My /home and my / are used less that 40% so I have plenty of space available.

These days there is log rotate and maximum sizes allocated to the journal files (as nicely explained here for example), so you will rarely end up with /var/log filesystem clogged up as it could happen in the past. But file corruption can happen, which you can check with journalctl --verify. This can take a little while and if all good, you should see PASS for all your files.

Also, your mount options could be improved… 1) I notice that you don’t do any filesystem check (last flag set to 0 means no check) and 2) for SSDs, adding noatime is a bit better than relatime, see for example debian wiki.

You can also check if SSD trim is being done without errors. Sorry I don’t have a live Yunohost system at the moment to double check but you should have a systemd service called fstrim or something like that. systemctl status fstrim should give you some clues. Not sure if failed trim could cause filesystem to be switched to read-only though.

Finally, if you can get your logs to work (??) then check for recent hardware drivers errors from the kernel with journalctl -k --since yesterday -p 3. If you want to follow kernel messages “live” then journalctl -k -p 3 -f (for example when you expect your filesystem to go read-only after boot)

cocoyuno · December 18, 2023, 2:18pm

Cheap SSDs on servers can be troublesome, although i am sure dozens of Yunohost users would say that they have been running Yunohost successfully for x years without problems.

croulibri · December 20, 2023, 9:48am

Thank you so much @Mamie for your advices.
I have full backup and I started to restore them on a temporary server to ensure continuity of service for my family
I am currently focusing on that to be sure everything works well for Christmas period.
I will install Scrutiny on the repaired server to make a better follow up of the disk health.
And yes I know that any equipment can fail, even if it is new. I just hoped it does not happen with me

Many thanks @cocoyuno for your suggestions.
Could you tell me what should I put on my mount option to improve filesystem check? The current set up is the standard one on a minimal Debian install + Yunohost script. I didn’t modify anything.
And I will modify with noatime
I will also check with fstrim and check for recent hardware drivers errors.

I think I have some information when I film the screen of this home server during crash. I have to do it again but I noticed at the very beginning of the crash
Buffer I/O error on device sdb2
And then a EXT4-fs error (device sdb2)
So it could mean that it is not my cheap M2 SSD (sda) that fails but rather the Cruxial BX500 SSD (sdb) I added to this server for the /home partition. Am I wrong?
This is to be confirmed by a new crash movie
If this is the case, the BX500 is still under warranty so I hope to get refund for this device.

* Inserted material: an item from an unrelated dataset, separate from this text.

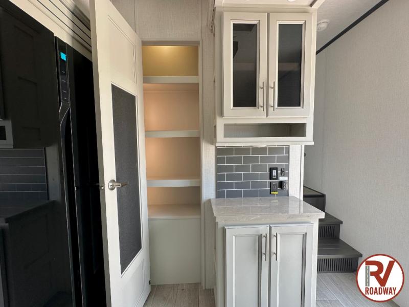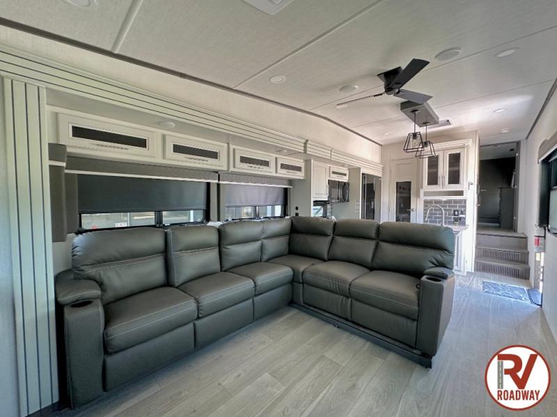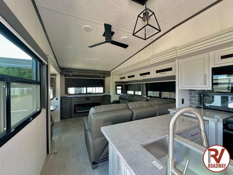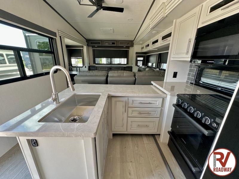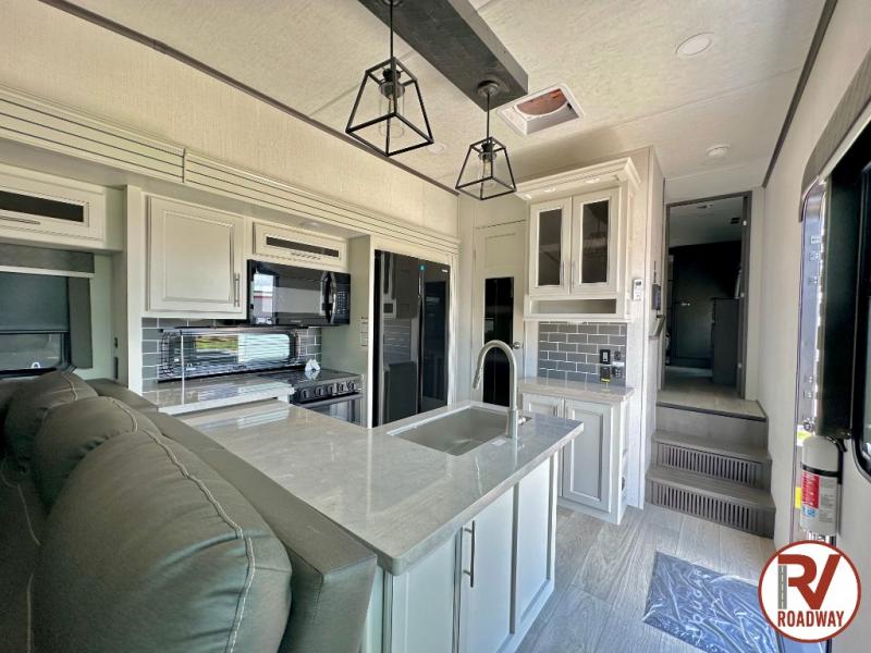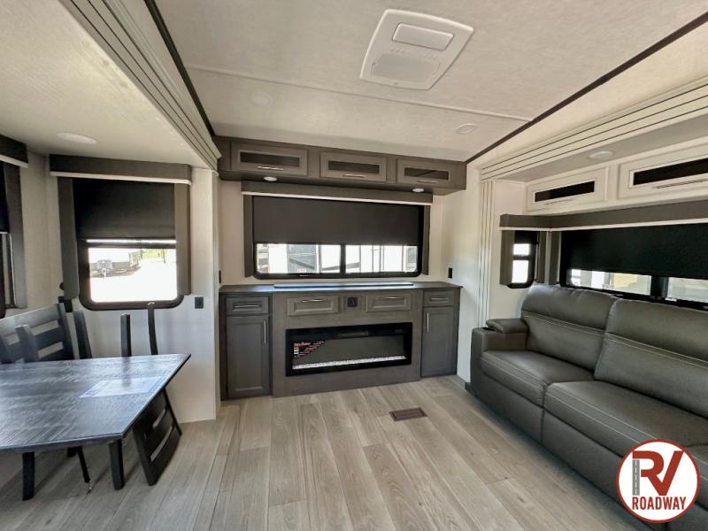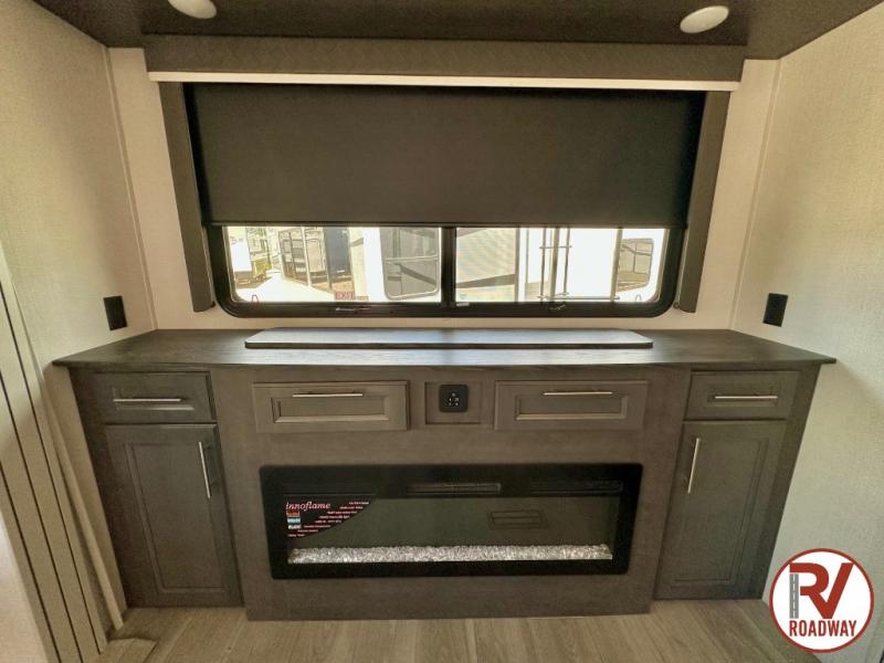 Time at the campground will be spent in comfort thanks to this fifth wheel that can sleep four to six people comfortably. The rear living area/den includes a huge L-shaped sofa with theater seats and a king tri-fold sofa, plus a free-standing dinette with an ottoman on one side, a fireplace, and an LED HDTV for movie nights. The chef of your group will love the additional counter space in the kitchen, along with a 21" Furrion range, plus a pantry and 16 cu. ft. 12V refrigerator. The full bath allows you to clean up each day and the front private bedroom will provide you with your own space at night. Here, you'll find a queen bed slide out that can optioned out for a king bed, plus a full height wardrobe, a second wardrobe with washer and dryer prep, and a dresser with a sliding top and hidden storage for valuables!

cocoyuno · December 20, 2023, 11:12am

Mount options: 1 for the “/” filesystem and 2 for the others you want to get checked.
Your log files are on your system drive. Even if your sdb disk has problems, your sda disk should not go read-only. There is still something we don’t understand here I think…

croulibri · December 20, 2023, 5:14pm

Thank your @cocoyuno
This afternoon, my server is not booting anymore. From a live CD I find the sdb2 BX 500 SDD in good health (I check again with smartctl) but my sda1 M2 SDD is not visible anymore. It might have died. After only four month of regular use…

I think I will have finally to buy a better M2 SATA SSD…

cocoyuno · December 20, 2023, 6:05pm

Oh
I hope it’s “only” the SSD and not the system board doing weird things. You will see quickly if you change the system drive… good luck.

croulibri · December 21, 2023, 9:13pm

The company who sell these Trigkey Mini PC is sending me a new M.2 SSD as part of the warranty, so I will check if only the M.2 SSD was defective.

Thanks again for your advises and congrats again to the Devs of Yunohost who allow me (again) to reinstall my server without any problem from my last backup.

system · January 20, 2024, 9:14pm

This topic was automatically closed 30 days after the last reply. New replies are no longer allowed.